Data for analysis:
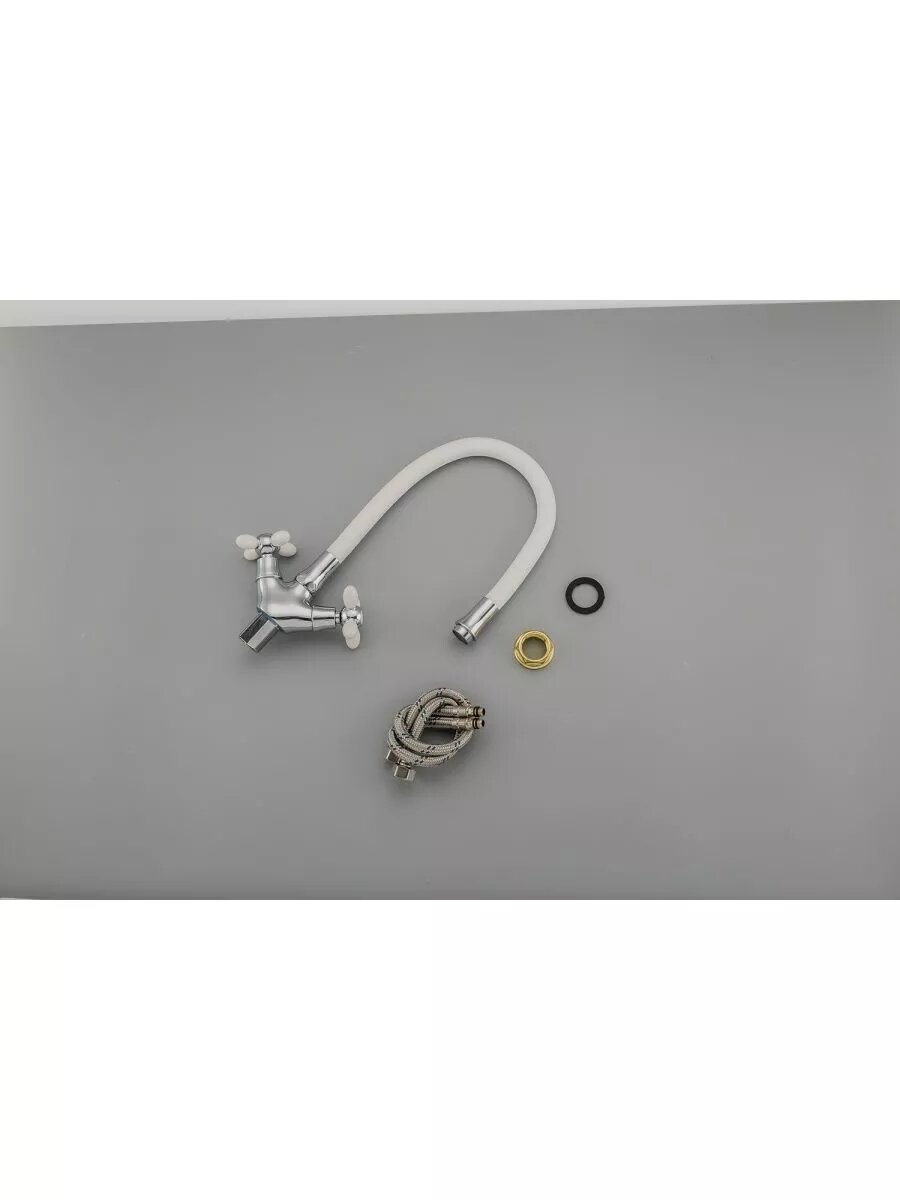 Смеситель для раковины FRUD R44127-7 с кран-буксой, гибкий излив, белый
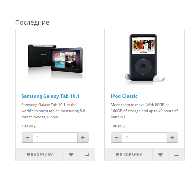 - Вывод в списках рекомендуемых, последних, бестселлеров, акционных, категориях, производителях, связанных, карточке товара и на странице поиска.
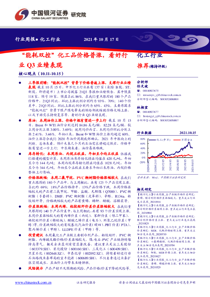 中国银河:化工行业周报:“能耗双控”化工品价格普涨,看好行业Q3业绩表现.pdf
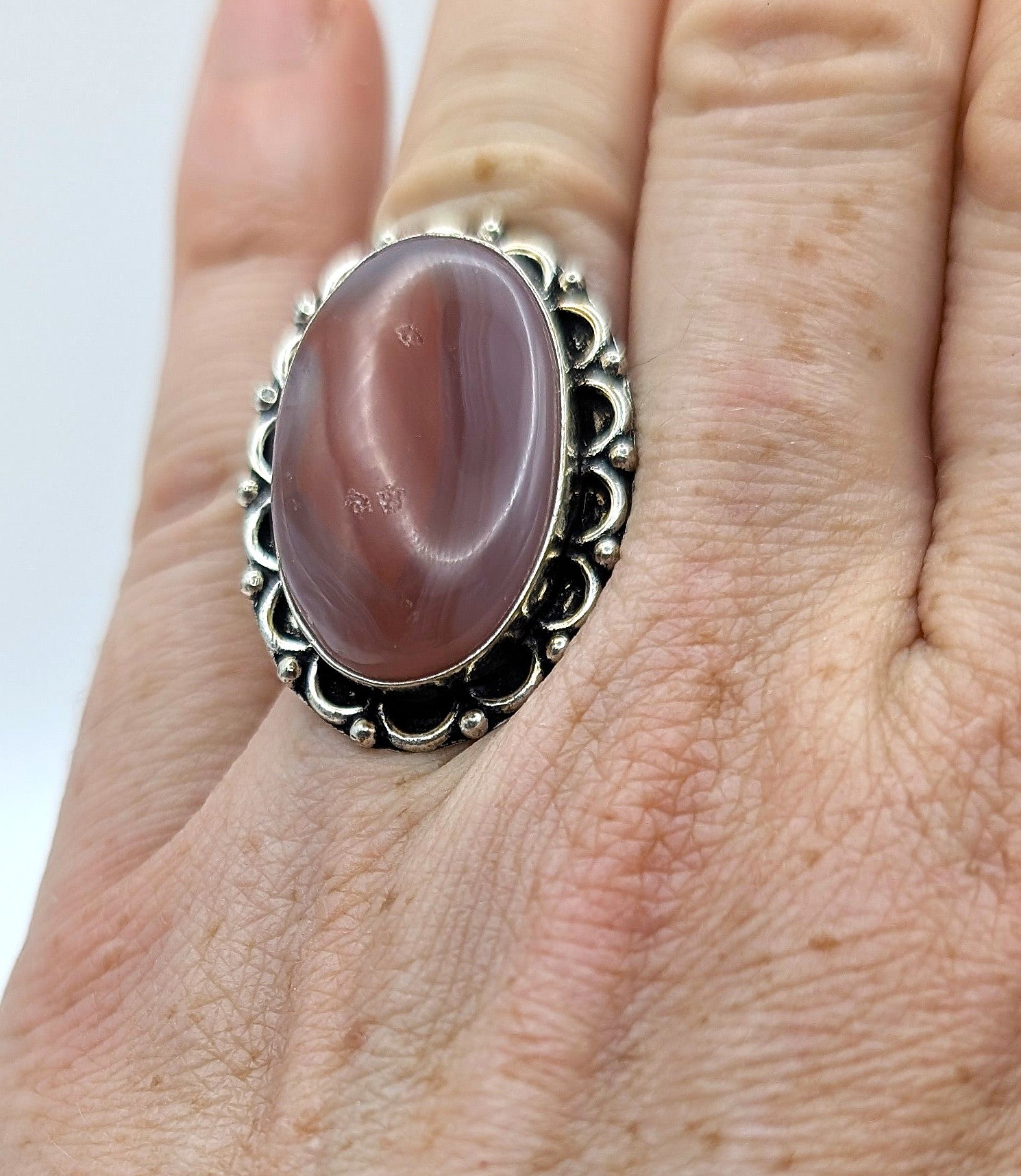 Make a bold, grounding statement with this striking Red Banded Agate ring. The large polished cabochon showcases natural flowing bands in warm reds and soft neutrals, wrapped in an ornate silver-color plated setting that gives it an elegant vintage feel. This piece is perfect for anyone who loves earthy tones, protective energy, and jewelry that stands out instantly.
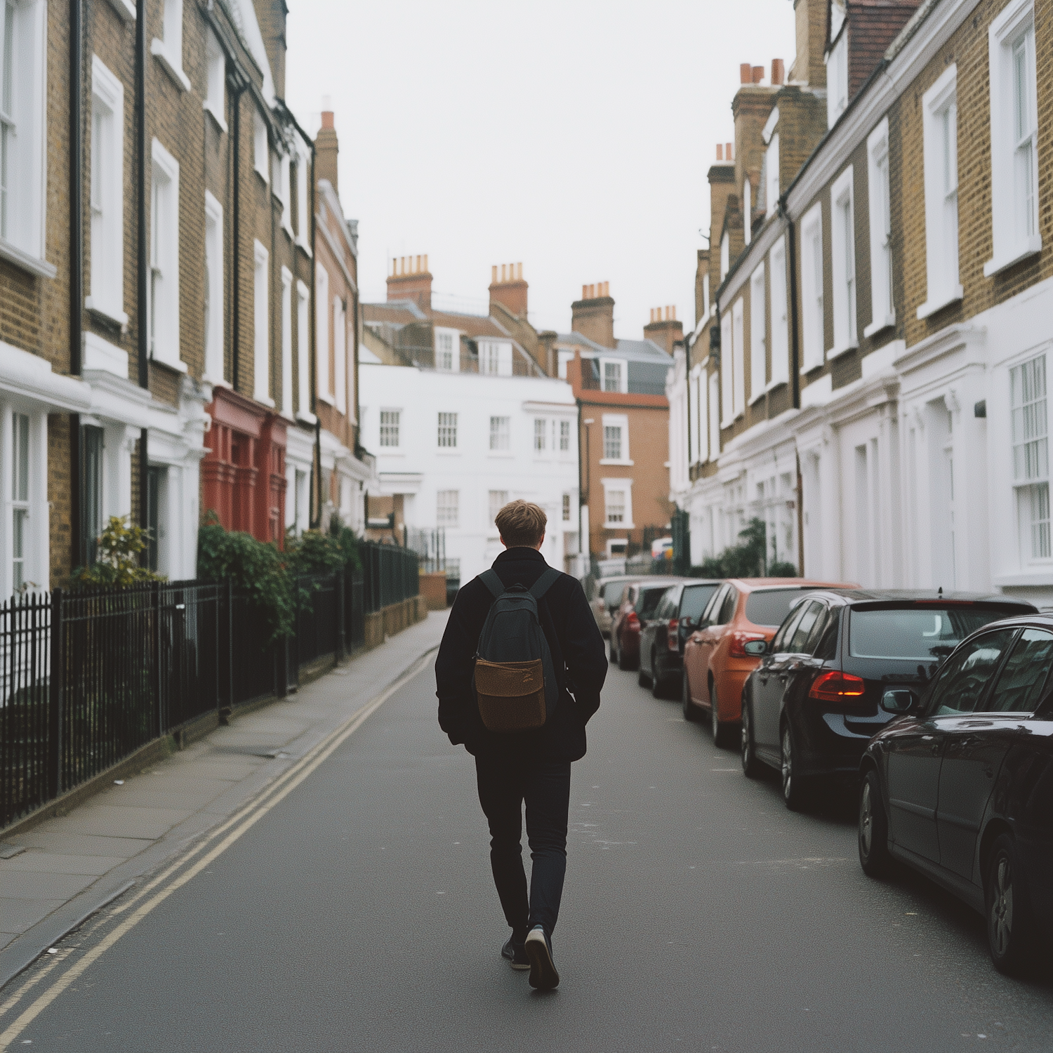 A person walks down a quiet street lined with charming brick townhouses and parked cars on an overcast day.
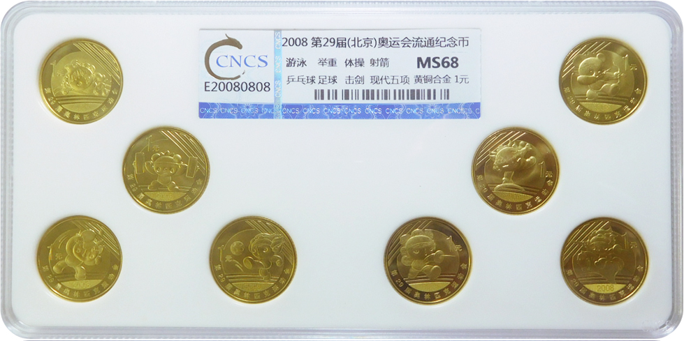 CNCS最新推出“奧運紀念幣評級套裝”,此次評級幣套裝共收錄了我國2006年發行至今共三組奧運普通紀念幣8枚,紀念幣面值均為1元。
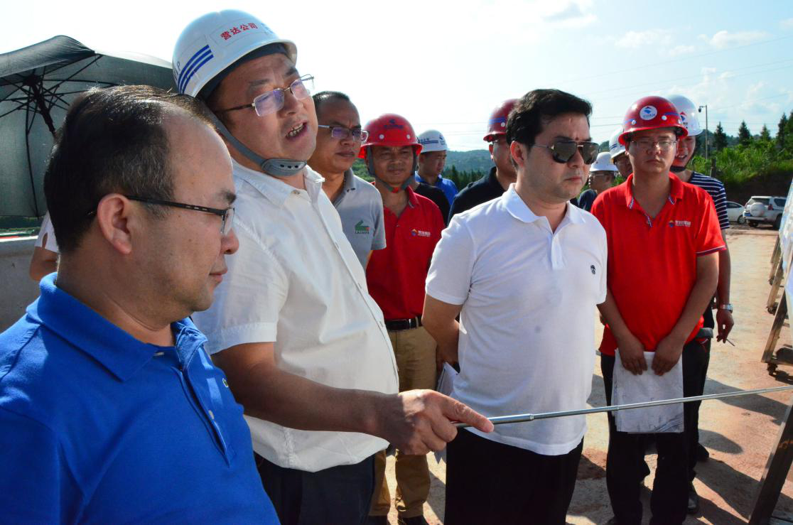 7月31日,沖刺年底通車目標,三大攻堅戰(zhàn)首戰(zhàn)“大戰(zhàn)60天”即將告一段落,奮戰(zhàn)90天大幕即將拉開大幕之際,集團董事長、總裁謝應文親臨一線,督戰(zhàn)營達項目。營達公司總經(jīng)理謝應武、指揮長甘立剛、LJ03、LJ04合同段項目負責人陪同視察。
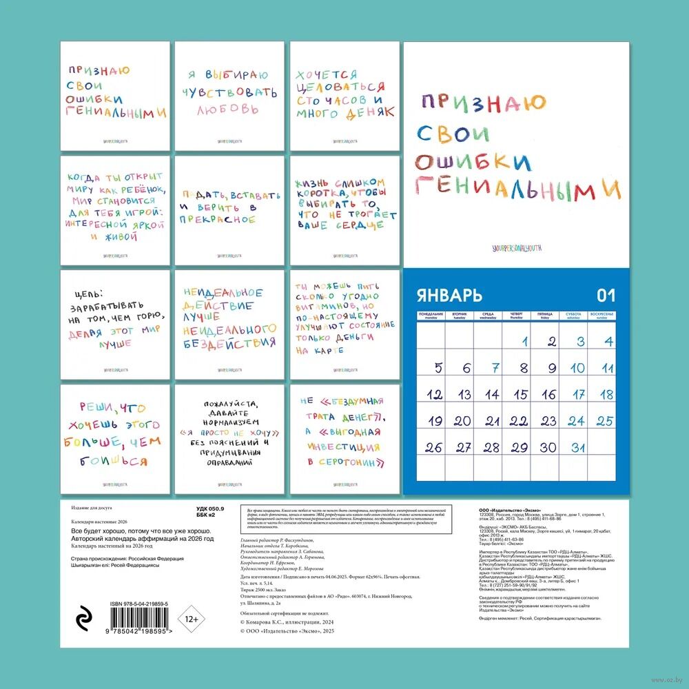 Каждый месяц – новая позитивная установка, которая поможет сохранить радость и уверенность в любые дни. Удобный формат, качественная печать и лаконичный дизайн превращают его в ежедневный источник хорошего настроения.
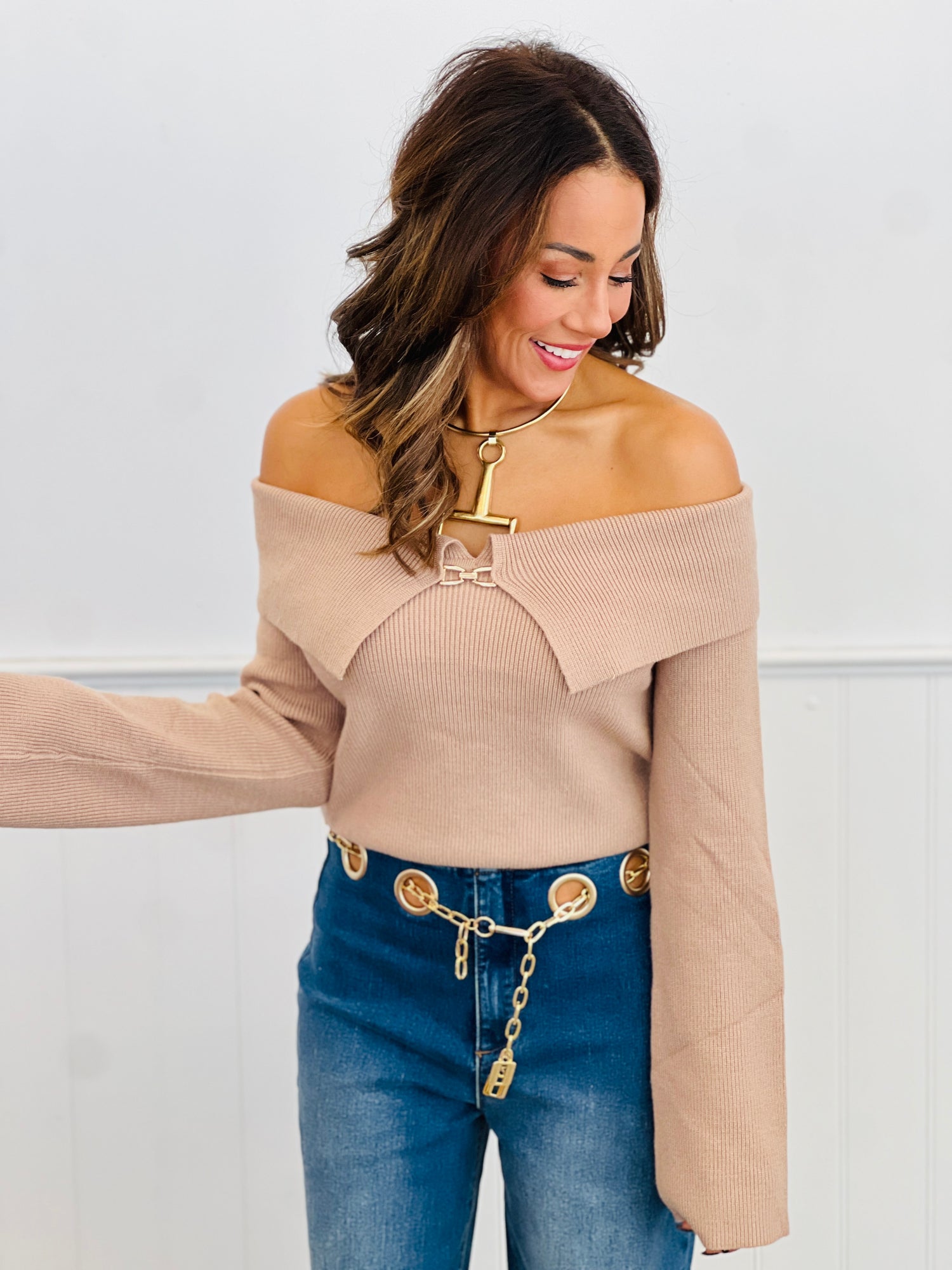 Wrap yourself in cozy charm with the Taupe Shawl Collar Sweater Top! Crafted from soft sweater knit, it features a chic shawl collar accented by a fun gold metal detail for a touch of sparkle. This top is perfect for adding a playful twist to your casual wardrobe while keeping you comfortably stylish.
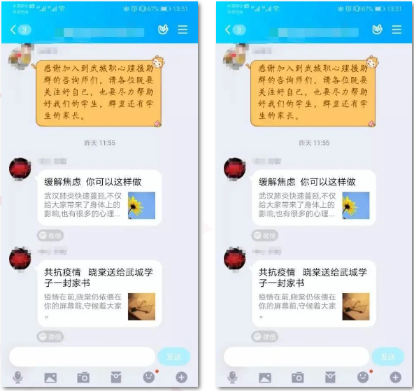 学工处党支部在此次的防疫过程中,除了下沉社区的任务,还承担着另外一个重要角色:心理咨询师!面对突如其来的疫情,心理健康中心迅速做出反应,开通《武汉城市职业学院防疫网络心理援助》通道,面向全校师生提供心理援助,帮助他们缓解紧张恐慌情绪,提供就医流程以及相关政策信息。同时,还通过《心约晓棠》微信平台,为学生转发心理疏导推文及疫情科普知识。5名心理咨询教师积极报名省教育厅高校心理志愿服务热线,为市民提供心理援助的服务。

Exercise:
All lines from the one containing "A person walks" to the end of the entries should appear in the output exactly as written, with no pictures.

Result below:
 A person walks down a quiet street lined with charming brick townhouses and parked cars on an overcast day.
 CNCS最新推出“奧運紀念幣評級套裝”,此次評級幣套裝共收錄了我國2006年發行至今共三組奧運普通紀念幣8枚,紀念幣面值均為1元。
 7月31日,沖刺年底通車目標,三大攻堅戰(zhàn)首戰(zhàn)“大戰(zhàn)60天”即將告一段落,奮戰(zhàn)90天大幕即將拉開大幕之際,集團董事長、總裁謝應文親臨一線,督戰(zhàn)營達項目。營達公司總經(jīng)理謝應武、指揮長甘立剛、LJ03、LJ04合同段項目負責人陪同視察。
 Каждый месяц – новая позитивная установка, которая поможет сохранить радость и уверенность в любые дни. Удобный формат, качественная печать и лаконичный дизайн превращают его в ежедневный источник хорошего настроения.
 Wrap yourself in cozy charm with the Taupe Shawl Collar Sweater Top! Crafted from soft sweater knit, it features a chic shawl collar accented by a fun gold metal detail for a touch of sparkle. This top is perfect for adding a playful twist to your casual wardrobe while keeping you comfortably stylish.
 学工处党支部在此次的防疫过程中,除了下沉社区的任务,还承担着另外一个重要角色:心理咨询师!面对突如其来的疫情,心理健康中心迅速做出反应,开通《武汉城市职业学院防疫网络心理援助》通道,面向全校师生提供心理援助,帮助他们缓解紧张恐慌情绪,提供就医流程以及相关政策信息。同时,还通过《心约晓棠》微信平台,为学生转发心理疏导推文及疫情科普知识。5名心理咨询教师积极报名省教育厅高校心理志愿服务热线,为市民提供心理援助的服务。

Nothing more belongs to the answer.